**SUPPLIED MATERIAL**
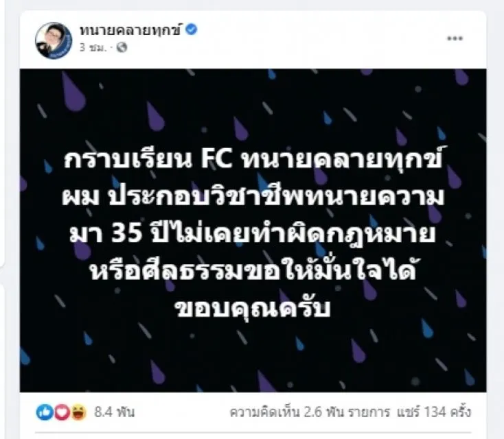 ในขณะที่ต่อมา มีชาวเน็ตแห่ไปคอมเมนต์ถาม ทนายเดชา กิตติวิทยานันท์ ในแฟนเพจทนายคลายทุกข์ถึงเรื่องที่ ตัดสินใจ รับเป็นทนายให้กับ เครือสารสาสน์ จนทนายเดชา ต้องโพสต์ชี้แจง ระบุว่า”กราบเรียน FC ทนายคลายทุกข์ ผม ประกอบวิชาชีพทนายความมา 35 ปี ไม่เคยทำผิดกฏหมาย หรือ ศีลธรรมขอให้มั่นใจได้ ขอบคุณครับ”
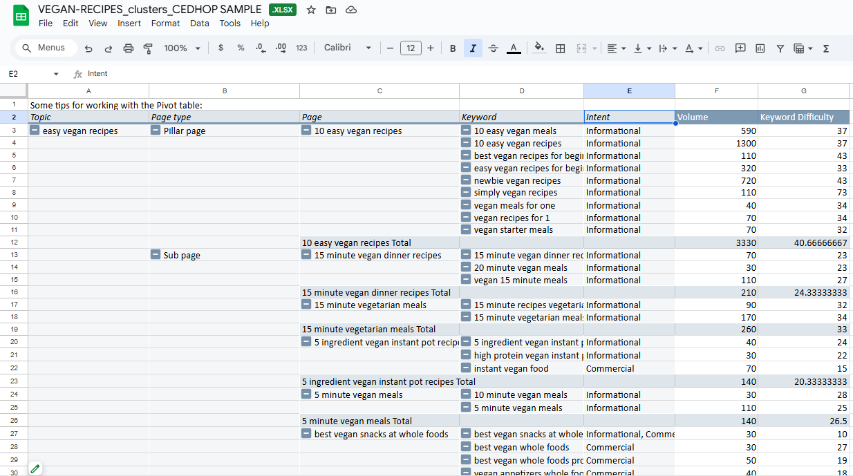 Niche-Specific Keyword Clusters (Keyword Strategy Excel) : Proprietary list of high-intent recipe keywords to target for rapid ranking (based on search intent—Informational, Commercial, etc.).
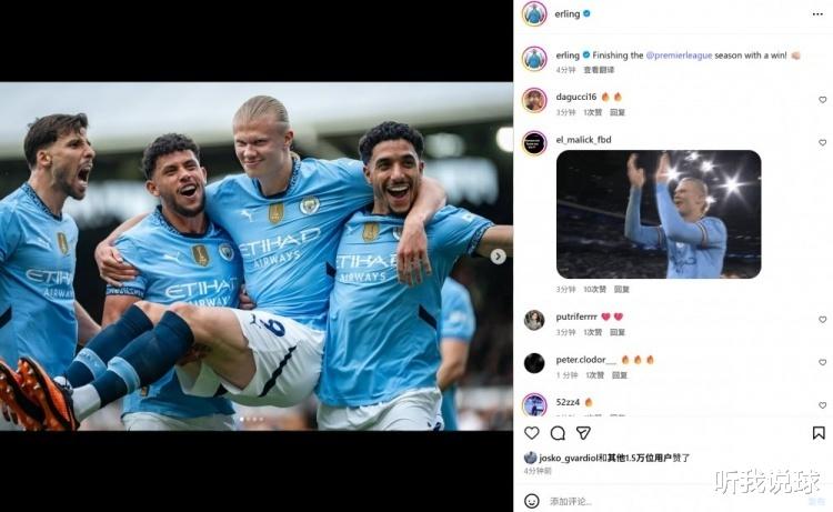 赛后,哈兰德在社媒晒出与队友马尔穆什等人庆祝合影,配文写道:“以一场胜利结束本赛季英超!” 这场胜利不仅为曼城的赛季征程画上圆满句号,也展现出球队强大的实力和斗志。
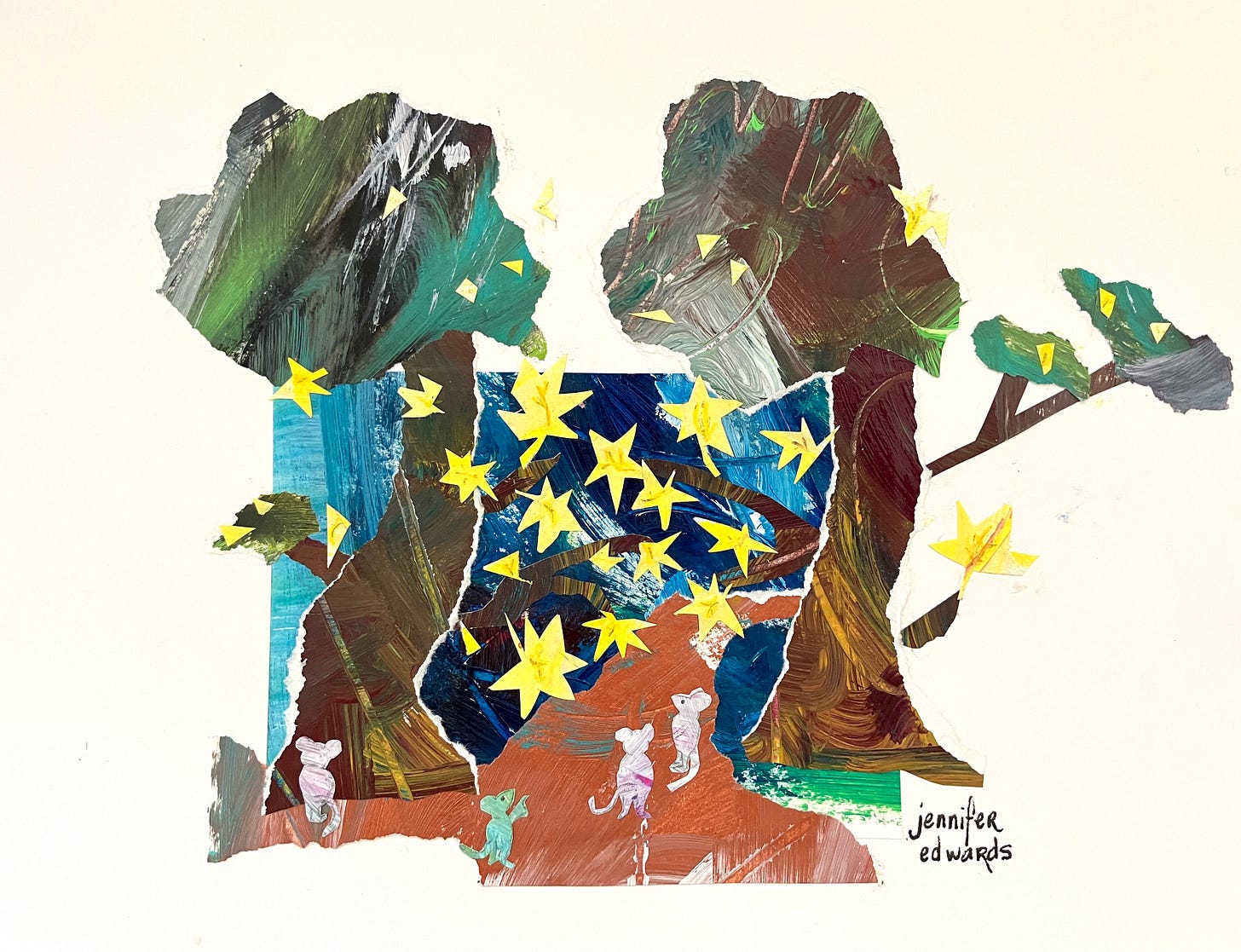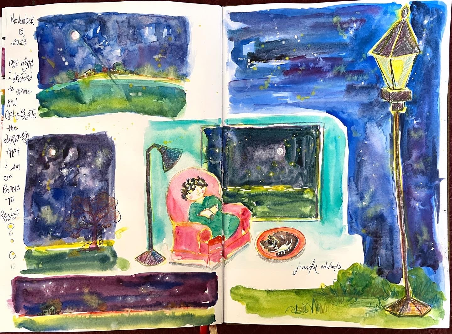 *I have made an intention to peer into the darkness outside as it visits us so much earlier now. This is actually in an effort to appreciate the darker days more than I have for most of my life. I love the light!! I love long sun-filled days! I don’t mind cold or snow…in fact I LOVE it! But the darkness is hard for me. So I am making little drawings or paintings or collages to try to describe the loveliness I see in the dark skies or how the streetlamps light up the night, or how golden leaves seem to twinkle like stars as I walk in the near-dark afternoon.
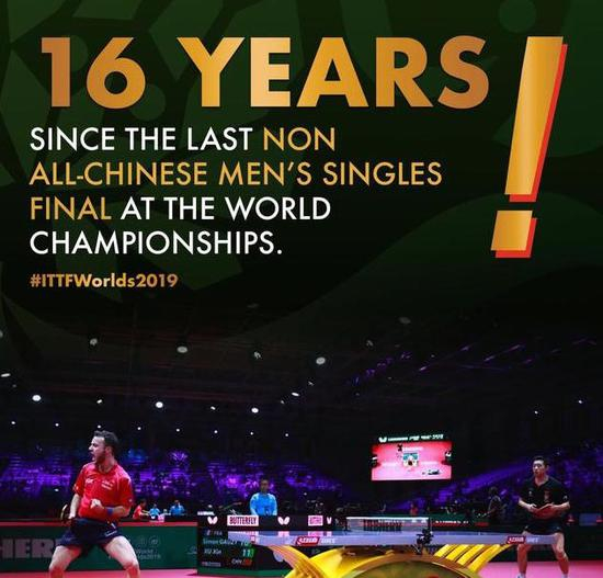 许昕失利,后国际乒联发了一张海报,主题是——男单决赛16年后将再现非中国选手。国际乒联撰文指出,许昕失利,使中国男单下半区失守,同时也意味着自2003年后,世乒赛的男单决赛将再次出现非中国籍选手的身影。在2003巴黎世乒赛男单决赛中,奥地利选手施拉格战胜韩国削球手朱世赫夺冠。而再往前追溯,上一次男单决赛中由一名中国选手对阵一名外协会选手的情况还是出现在1987年的第39届新德里世乒赛,当时中国选手江嘉良战胜了瑞典名将瓦尔德内尔。
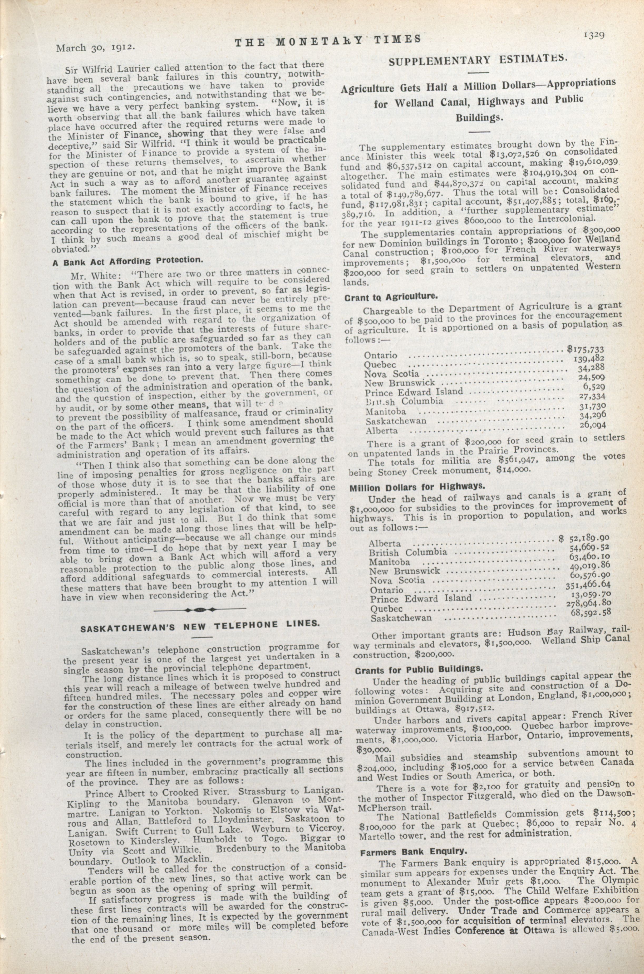 The monetary times, trade review and insurance chronicle : Vol. 48 No. 13 (March 30, 1912)
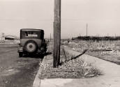 DescriptionRear view of a Model-T car parked in flat rural area. Telephone pole in center, sidewalk at bottom and right unkempt ground, only building is a hanger-type structure in far left.On View
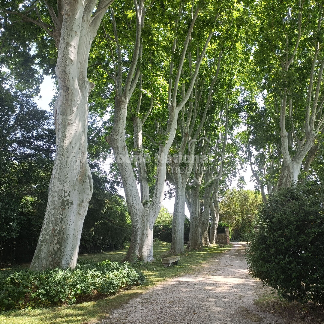 Dès le portail, vous serez accueilli par une allée de 16 platanes majestueux. Une ancienne Noria révèle l'authenticité de ce Mas.
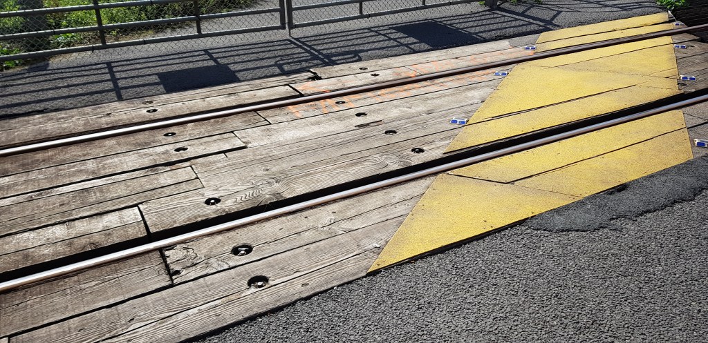 This news thrills me. I’ve always loved crossing railway racks, or tram tracks, or any kind of track. I love the sound car tyres make as they cross them, the deep-set drum flourish and squeaking rubber purchase as the air filled tubes strike the rails. [This is an ancient love in me, rustled up from years of driving across the Continent where rail crossings seemed so much more plentiful and open.]
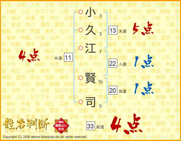 小久江賢司さんの総運は33画の4点!
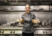 A jovem chef Lúcia Freitas dá as boas-vindas à entrada do restaurante A Tafona, enquanto retira dos cestos os pães que serão servidos noite...
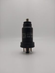 Metal octal type sharp-cutoff pentode used as biased detectors, or high gain audio amplifiers in radio receivers.
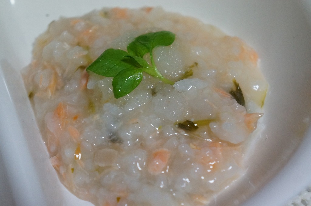 その時にササミや鮭や卵のお粥を作ったらおいしかったらしく…
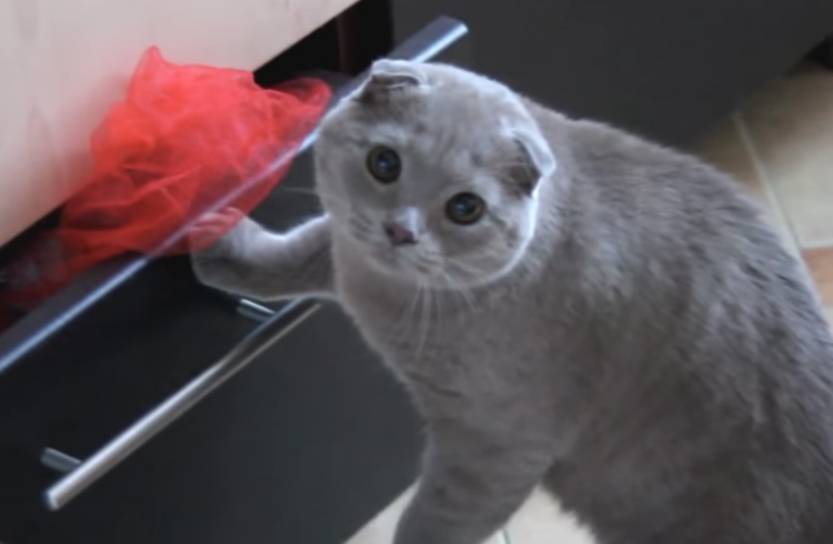 引き出しを物色中のねこさん。 お気に入りのおやつ、はたまたおもちゃを探している彼。ふと、後ろをふりむくと。 そこにはカメラを回している飼い主さんの姿が。 静かに驚いた猫さん、目線はこちらのまま、そっと戸棚を閉める姿がシュールすぎます。 -
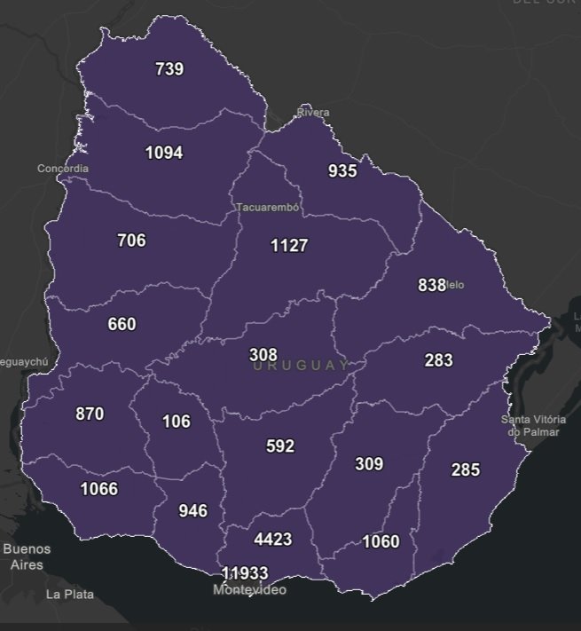 De acuerdo a la información proporcionada por el Ministerio de Salud Pública (MSP), hoy se llevaron a cabo 6.538 análisis y se detectaron 1.588 nuevos casos de Coronavirus COVID-19. En del departamento de Tacuarembó fallecieron dos personas, una mujer de 56 años y un hombre de 53 años de edad.
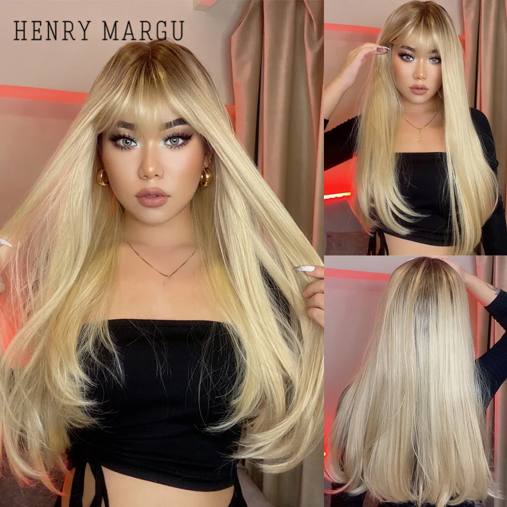 Длинные светлые прямые синтетические парики HENRY MARGU с челкой, светильник, блонд, платина, натуральные волосы с темным корнем для повседневного Косплея

**TASK GOAL**
Your reply should hold nothing but the lines above, from the one containing "许昕失利,后国际乒联发了一张" to the one containing "Dès le portail, vous", reproduced exactly minus the pictures.

**SOLUTION TO THE PROBLEM**
 许昕失利,后国际乒联发了一张海报,主题是——男单决赛16年后将再现非中国选手。国际乒联撰文指出,许昕失利,使中国男单下半区失守,同时也意味着自2003年后,世乒赛的男单决赛将再次出现非中国籍选手的身影。在2003巴黎世乒赛男单决赛中,奥地利选手施拉格战胜韩国削球手朱世赫夺冠。而再往前追溯,上一次男单决赛中由一名中国选手对阵一名外协会选手的情况还是出现在1987年的第39届新德里世乒赛,当时中国选手江嘉良战胜了瑞典名将瓦尔德内尔。
 The monetary times, trade review and insurance chronicle : Vol. 48 No. 13 (March 30, 1912)
 DescriptionRear view of a Model-T car parked in flat rural area. Telephone pole in center, sidewalk at bottom and right unkempt ground, only building is a hanger-type structure in far left.On View
 Dès le portail, vous serez accueilli par une allée de 16 platanes majestueux. Une ancienne Noria révèle l'authenticité de ce Mas.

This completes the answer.